A case in point is Remote, a payroll and compliance provider for distributed workforces that pulled in a SoftBank Vision Fund-led Series C of $300 million in April. That round set a $3 billion valuation for the San Francisco-headquartered company, up 200% from its Series B nine months earlier.
In a similar vein, Deel, a payroll and compliance company for international employees and contractors, raised $50 million in May at a $12 billion valuation. That marked an increase of 118% from its prior funding seven months earlier.
The sharp valuation gains for Remote and Deel come as a larger slice of white-collar workers move to freelance and contract roles amid the rise of remote work. A report from Upwork, a publicly traded freelance marketplace, found that 53% of participants on its platform provided skilled services such as programming, marketing and business consulting last year. More than half have postgraduate degrees.
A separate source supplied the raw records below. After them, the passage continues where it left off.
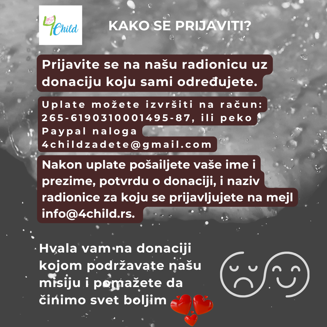 Prijave su na donacije, koliko ko može, i molimo Vas da nam pošaljete mejl na info@4child.rs.
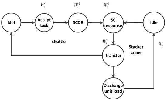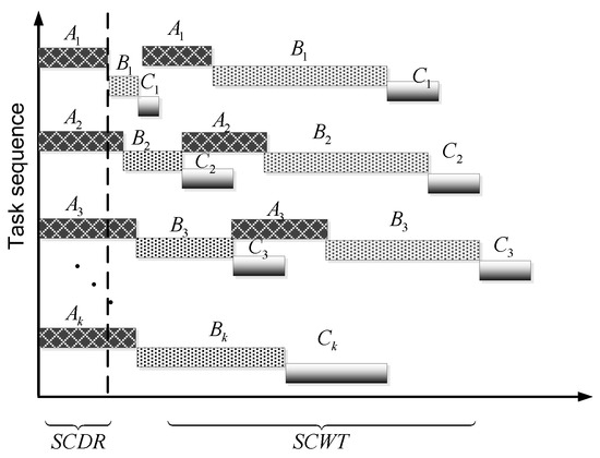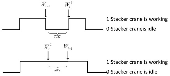 Several shuttles may execute tasks simultaneously; however, their finishing times may be different. According to the FCFS principle, there may be two types of stagnation period during the task execution period, as shown in Figure 4. These stagnation periods are critical for operational efficiency, as well as overall system performance. The first type of stagnation period is stacker crane idle time (SCIT), which is denoted , and occurs when an SCDR has not been made after the stacker crane finished the previous task. The second type of stagnation period is shuttle wasting time (SWT), and is induced when a shuttle sends an SCDR while the stacker crane is fulfilling a previous task, and is indicated by .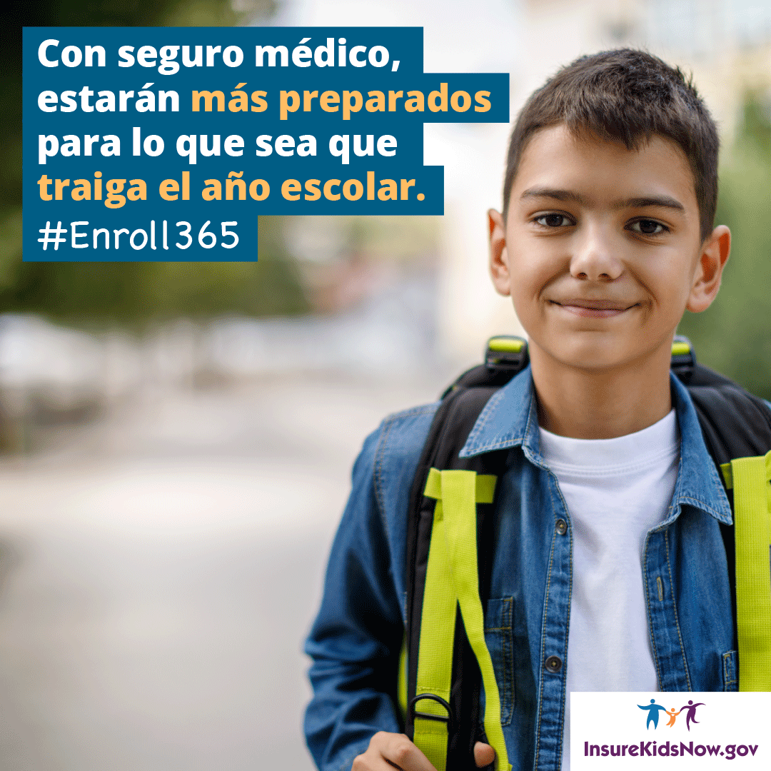 Durante el año escolar, hay numerosas formas de informar a los padres y cuidadores que sus niños y adolescentes pueden reunir los requisitos para obtener un seguro médico gratuito o de bajo costo a través de Medicaid y del Programa de Seguro Médico para Niños (CHIP, por sus siglas en inglés). Con un seguro médico, pueden vacunarse, hacerse controles y exámenes de la vista, visitar al odontólogo y recibir otros cuidados que puedan necesitar para participar plenamente en las actividades escolares, extracurriculares y de verano. Las escuelas son excelentes asociados para alcanzar e inscribir a familias con hijos elegibles para Medicaid y el Programa de Seguro Médico para Niños.

Freelancing is having a bigger economic impact as well. Today, per Upwork, roughly 36% of the U.S. workforce can be classified as freelancers of some type. Collectively, they contributed $1.3 trillion to the U.S. economy in annual earnings.
More tools for the self-employed
As freelance employment grows, we’re seeing more investment, particularly at the early stage, in tools to help people manage their work or provide a more secure and stable career path.
To this end, Paris-based Jump raised a $4.5 million November seed round for a platform that helps with labor-intensive freelancing tasks such as invoicing, expense reporting and generating contracts. It also offers insurance packages. Berlin-based Moojo, in turn, raised $2 million in pre-seed funding for tools to help freelancers streamline their invoicing process.
Gig workers are getting tools too. For example, Pittsburgh-based Gridwise, an app for rideshare and delivery drivers to optimize productivity and earnings, pulled in a $12.7 million Series A in May led by Crosslink Capital.
Across the Atlantic, Berlin-based Bliq secured $13.5 million in Series A capital around the same time for tools that let drivers better track their work, mileage and pay across multiple ride or delivery platforms.
The pronounced presence of European startups in the funded company list ties in to broader trends. Today, over 28 million people in the European Union work through digital labor platforms, per the EU. In 2025, the number is expected to reach 43 million people.
More about scaling, less about exiting
While, looking at the numbers, it might seem like a good time for scaling a freelancing-related business, the same can’t be said for exiting one. Venture-backed freelance platforms that went public in the past few years have had a rough time in recent months, as tech valuations overall have taken a hit.
San Francisco-headquartered Upwork, which went public four years ago, has shed more than two-thirds of its value since shares peaked in November. Shares of Israel-based Fiverr, an online platform for finding freelance talent that went public in 2019, are also far off their peaks.
Notably, both Upwork and Fiverr have posted double-digit annual revenue gains in their latest quarters, indicating declines may be more about broad market sentiment than company-specific problems.
As for the still-private crowd, it looks like investor enthusiasm is alive and well. This ties in with a broader trend we noted a couple weeks ago: Amid a general year-over-year decline in startup valuations, funded companies oriented around the future of work are among the few cohorts to see some big gains.